Graham advised investors to keep their equity exposure within 75 per cent of their net assets. For the more adventurous investors, a 100 per cent exposure to equity could be considered in case the investor met the following guidelines:
Keep enough cash to take care of 12 months of your family expenses.
Do not panic and sell stocks but actually buy more stocks of solid stable companies as prices continued to slide during the bear markets.
You understand and are able to differentiate between hope and hype.
Below are his few quotable quotes:
“While enthusiasm may be necessary for great accomplishments elsewhere, on Wall Street it almost invariably leads to disaster.”
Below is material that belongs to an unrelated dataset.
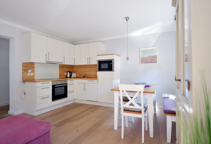 Die Erdgeschosswohnung Nr. 1 bietet Platz für zwei bis vier Personen. Ein großzügiges und helles Wohnzimmer mit bequemen Sofa, ein Essplatz sowie eine moderne Küchenecke lassen keine Wünsche offen. Vom Wohnzimmer aus geht es direkt auf die windgeschützte Südterrasse mit Mobiliar. Ein Schlafzimmer mit Doppelbett sowie ein Duschbad mit Fenster gehören ebenfalls zur Wohnung. Im Souterrain (großes Fenster) befindet sich ein kleines Zimmer mit Etagenbett.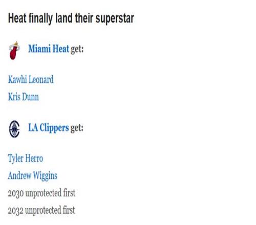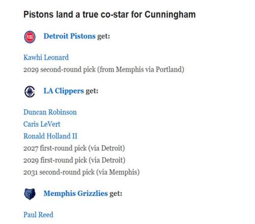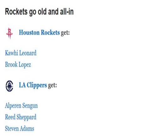 快船得到:鄧肯-羅賓遜、卡里斯-勒維爾、羅納德-霍蘭德二世、2027年活塞首輪簽、2029年活塞首輪簽、2031年灰熊次輪簽

“The fact that other people agree or disagree with you makes you neither right nor wrong. You will be right if your facts and your reasoning are correct.”
“Confronted with the challenge to distil the secret of sound investment into three words, we venture the motto, Margin of Safety.”
“Many sceptics, it is true, are inclined to dismiss the whole procedure (chart reading) as akin to astrology or necromancy; but the sheer weight of its importance in Wall Street requires that its pretensions be examined with some degree of care.”
“Individuals who cannot master their emotions are ill-suited to profit from the investment process.”
“Most of the time common stocks are subject to irrational and excessive price fluctuations in both directions as the consequence of the ingrained tendency of most people to speculate or gamble... to give way to hope, fear and greed.”
“The chief losses to investors come from the purchase of low-quality securities at times of favourable business conditions.”
“The individual investor should act consistently as an investor and not as a speculator. This means…that he should be able to justify every purchase he makes and each price he pays by impersonal, objective reasoning that satisfies him that he is getting more than his money’s worth for his purchase.”